• _DESCRIPTION OF THE TASK_
Without including any pictures, retype exactly the lines from the top of the records through the line containing "handicap! First, never", that final line included.

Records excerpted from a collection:
* * * *

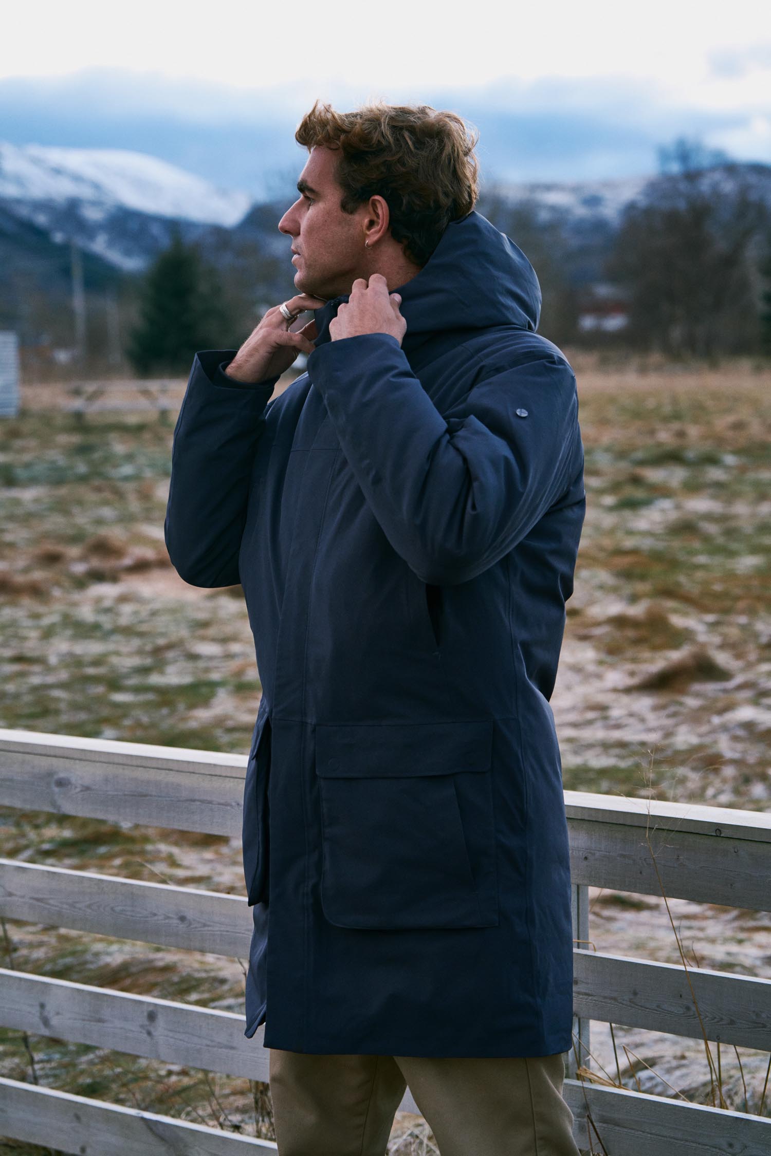 Guard II is a Fitted coat, meaning that it is designed to follow the body's natural lines without tapering. Fitted is a versatile shape that feels slightly narrower than a regular fit but with more room than a slim fit.
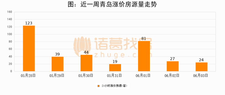 根据诸葛找房数据显示,青岛24小时涨价房源量为24套,较06月02日减少3套,环比下降11.1%。与此同时,涨价房源占比小幅回落,对于购房者来说是一个入市窗口期,购房者可抓住时机入市。
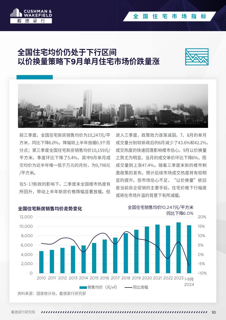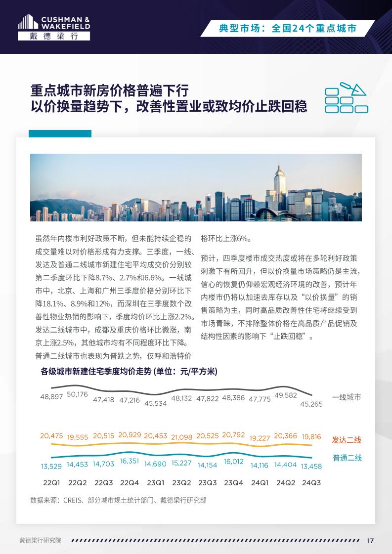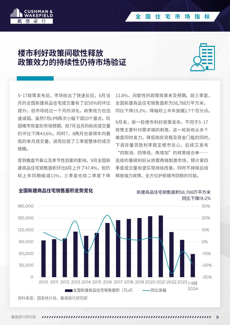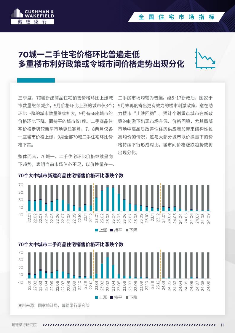 三季度末,央行提出降低存量贷款利率、统一最低首付比例、加大“白名单”项目贷款投放力度等多项举措助力房地产市场“止跌回稳”,再加上10月推出的一揽子增量政策组合拳,预计四季度国内房地产行业将出现好转,特别是住宅市场在低利率及低门槛的购房政策环境下有望迎来明显改善。
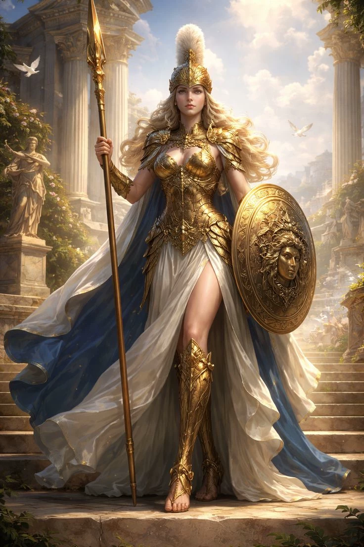 Athena — Zeus's favorite daughter, Athena was not born from the womb, but from the King of the Gods' own forehead, emerging as an adult and covered in his golden armor. She is the personification of reason, civilization and strategic warfare. While other gods are lost in overwhelming passions or blind furies, Athena is the silence before the attack and the plan that guarantees victory even before the first blow is struck.
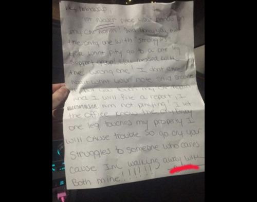 “Hey handicap! First, never place your hands on my car again! Second, honey you ain’t the only one with ‘struggles.’ You want pity go to a one leg support group! You messed with the wrong one! I don’t care what your note said shove it, but you touch my car again I will file a report, I am not playing! I let the office know the cry baby one leg touches my property I will cause trouble so go cry your struggles to someone who cares cause I’m walking away with both mine! -[expletive].”
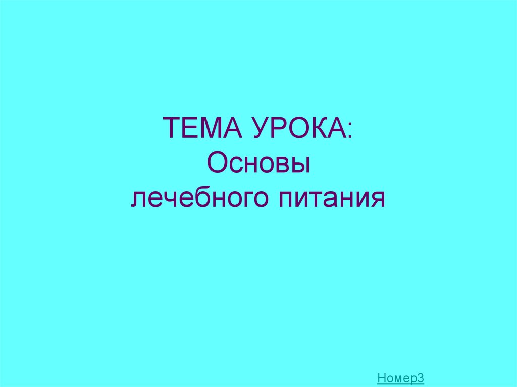 1. ТЕМА УРОКА: Основы лечебного питания
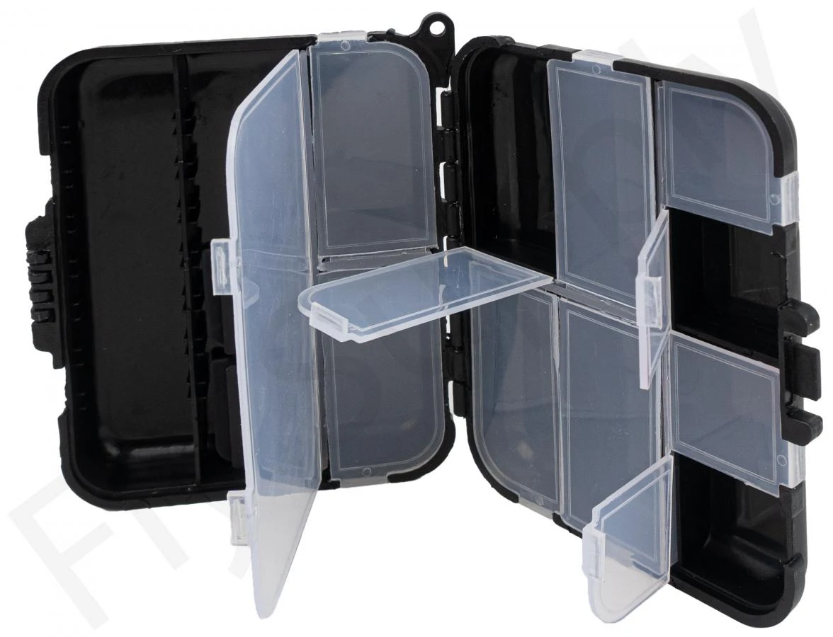 Door de verschillende formaten van de vakindeling is deze doos uitermate geschikt voor het opbergen van droge vliegen, nimfen en kleine streamers. Ook is het handig om een aantal beetverklikkers in deze doos op te bergen.
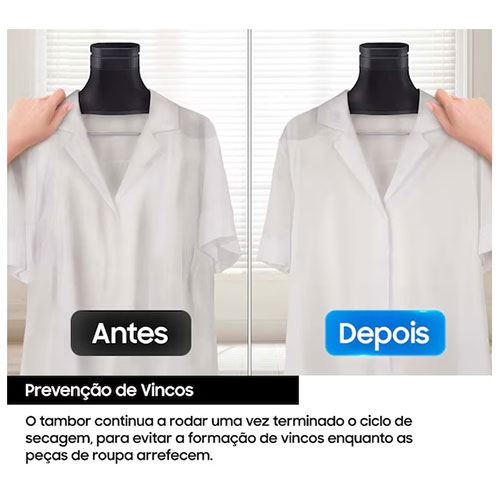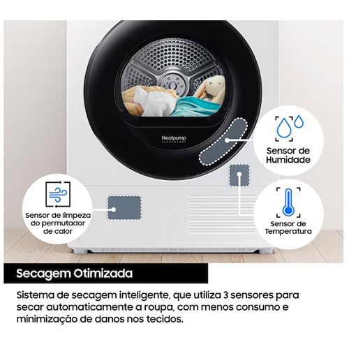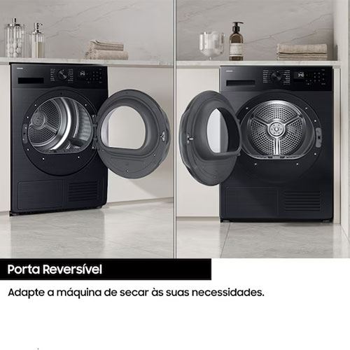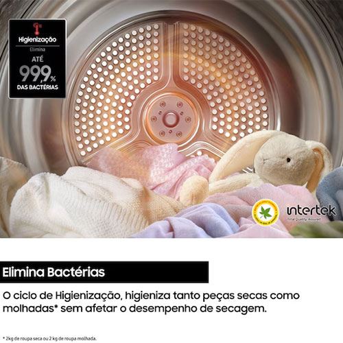 Para maior comodidade, dispõe de programa Hygiene Care, que elimina até 99,9% das bactérias, e conectividade SmartThings, permitindo controlo remoto e sugestões inteligentes. O design inclui porta reversível, filtro 2 em 1 e tambor com iluminação interna para facilitar o uso.
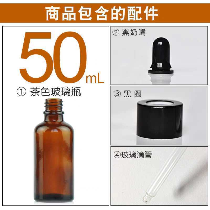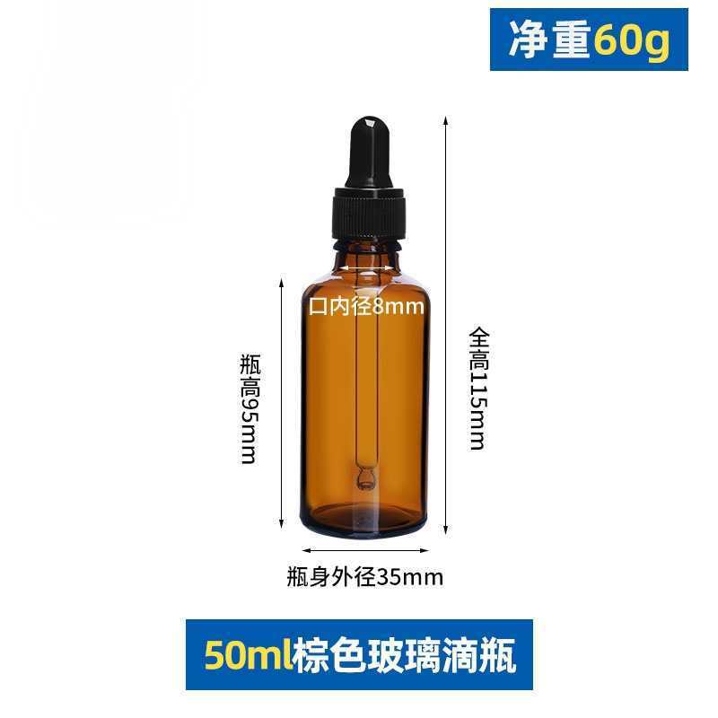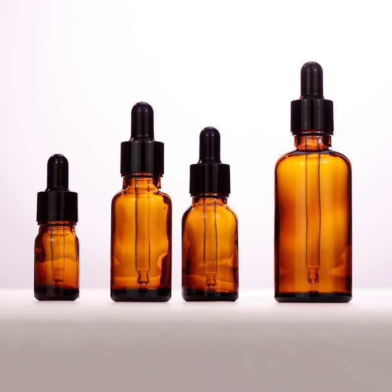 50ml with black plastic fine-grained dropper cap; glass; amber

* * * *

• _RESPONSE BOX_
 Guard II is a Fitted coat, meaning that it is designed to follow the body's natural lines without tapering. Fitted is a versatile shape that feels slightly narrower than a regular fit but with more room than a slim fit.
 根据诸葛找房数据显示,青岛24小时涨价房源量为24套,较06月02日减少3套,环比下降11.1%。与此同时,涨价房源占比小幅回落,对于购房者来说是一个入市窗口期,购房者可抓住时机入市。
 三季度末,央行提出降低存量贷款利率、统一最低首付比例、加大“白名单”项目贷款投放力度等多项举措助力房地产市场“止跌回稳”,再加上10月推出的一揽子增量政策组合拳,预计四季度国内房地产行业将出现好转,特别是住宅市场在低利率及低门槛的购房政策环境下有望迎来明显改善。
 Athena — Zeus's favorite daughter, Athena was not born from the womb, but from the King of the Gods' own forehead, emerging as an adult and covered in his golden armor. She is the personification of reason, civilization and strategic warfare. While other gods are lost in overwhelming passions or blind furies, Athena is the silence before the attack and the plan that guarantees victory even before the first blow is struck.
 “Hey handicap! First, never place your hands on my car again! Second, honey you ain’t the only one with ‘struggles.’ You want pity go to a one leg support group! You messed with the wrong one! I don’t care what your note said shove it, but you touch my car again I will file a report, I am not playing! I let the office know the cry baby one leg touches my property I will cause trouble so go cry your struggles to someone who cares cause I’m walking away with both mine! -[expletive].”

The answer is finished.